These and other similar conditions would render it doubtful whether an ask for trumps at the commencement of the game was desirable. [Alfred Wilks Drayson, The Art of Practical Whist (1879), p. 123]

So there seems to be a specialized use in card playing (where it refers not to a request in general, but to a specific kind of request), which continues to the present:

The free newsletter from The Bridge World magazine, … West, showed 0 or 3; then, in reply to an ask for the diamond queen, … (link)

Chilli is an unusual bridge bidding system that places simplicity and universality … Apart from as a response to an ask, 4NT is the same as in a neutral … (link)

That leaves the 1781 Twining cite as the most recent. Albright treated the noun ask as one (among many) of the nouned verbs that eventually dropped out of English (while many others survived as perfectly ordinary nouns in the language). This turns out to be not quite right; instead, a noun ask seems to have been innovated on a number of different occasions.

These occurrences have been noted here on Language Log by Eric Bakovic (in 2004) and by Lynne Murphy (last year) on her Separated by a Common Language blog, both expressing initial astonishment that any speaker could say such things. Tom Limoncelli, on the other hand, was enraged; from his LiveJournal of 4 July:

My ask is that…

I feel huge amounts of pain every time a business person nounifies “ask” as in, “My ask is that you approve this budget before Friday.” The right word to use is “request”, but business people are evolving our language.

It is tempting to fight back by writing ask in quotes:

My “ask” is that you approve this budget before Friday

to emphasize that it is not proper English.

The Bakovic and Murphy postings provoked comments from readers who identified two specialized uses of the noun ask: in financial contexts, to mean 'asking price' (where it contrasts with bid and patterns with the specialized nounings put and call) —

For example, a bid of $10 and an ask of $11 for stock ABC is a fairly large spread, meaning the buyer and seller are far apart. (link)

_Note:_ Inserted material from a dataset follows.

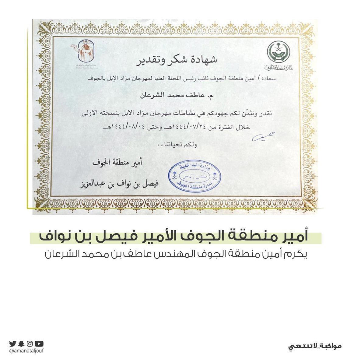 أمير منطقة الجوف يثمن جهود الأمانة في نجاح مزاد الإبل الاول بالجوف
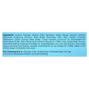 Sodium palmate, sodium palm kernelate, água (aqua), glicerina, gliconato de sódio, fragrância (perfume), glicerídeos de manteiga de karité, palm acid, cloreto de sódio, manteiga da semente de Theobroma cacoa (cacau), óleo de Cocos nucifera (coco), manteiga de Butyrospermum parkii (karité), palm kernel acid, dióxido de titânio (CI 77891), dipalmitato kojic, arbutin, óleo de Oenothera biennis (prímula), extrato da folha de Arctostaphylos uva ursi, extrato da raiz de Glycyrrhiza glabra (alcaçuz), ácido ascórbico (vitamina C), óxidos de ferro (CI 77499), amarelo 10 (CI 47005), verde 3 (CI 42053), ácido cítrico.

and in fund-raising contexts, to refer to a request for contributions or grants. Here's Liz Ditz commenting on Eric's Language Log posting:

It is a turn of phrase from fundraising or philanthropy, which became ubiquitous about 5-10 years ago [that would be the mid-to-late 90s], meaning a grant request. "We have a big ask out to the GotRocks Foundation, and four or five smaller asks to community foundations." I remember being startled on first hearing it, but can't place the year.

These three specialized uses — in card-playing, finance, and fund-raising — make a lot of sense. They work BECAUSE ask (rather than request) stands out as not a normal noun; the usages suggest that something more specific than just requesting is going on. (These three uses are not separately listed in the OED, and it's an interesting question of lexicographic practice whether they should be.) Presumably the uses were innovated independently of one another, in different social groups and for different reasons, and none of them continue the older noun uses of ask.

The verb ask is always available for nonce nouning, as in this Emily Post advice, where ask as a coinage is marked by quotation marks:

The All-Important “Ask”

There are two different ways of asking someone out on a date.

… A good “ask” would go something like this: …

But, as you can see from Limoncelli's posting (and comments on Bakovic's and Murphy's), the noun ask seems to be in more general use in some circles. Limoncelli points to business talk, and others have suggested the computer industry. Actual cites suggest even wider usage, though possibly with business and computers at the center. Given these cites, it's also plausible that this wider usage is a generalization of the investment and/or fund-raising uses, though I see no way that this could be demonstated. A sampling of hits:

We went to an few events on Bainbridge Island and on the way back I made my ask of the campaign manager. "Can I have an internship?" I asked. (link)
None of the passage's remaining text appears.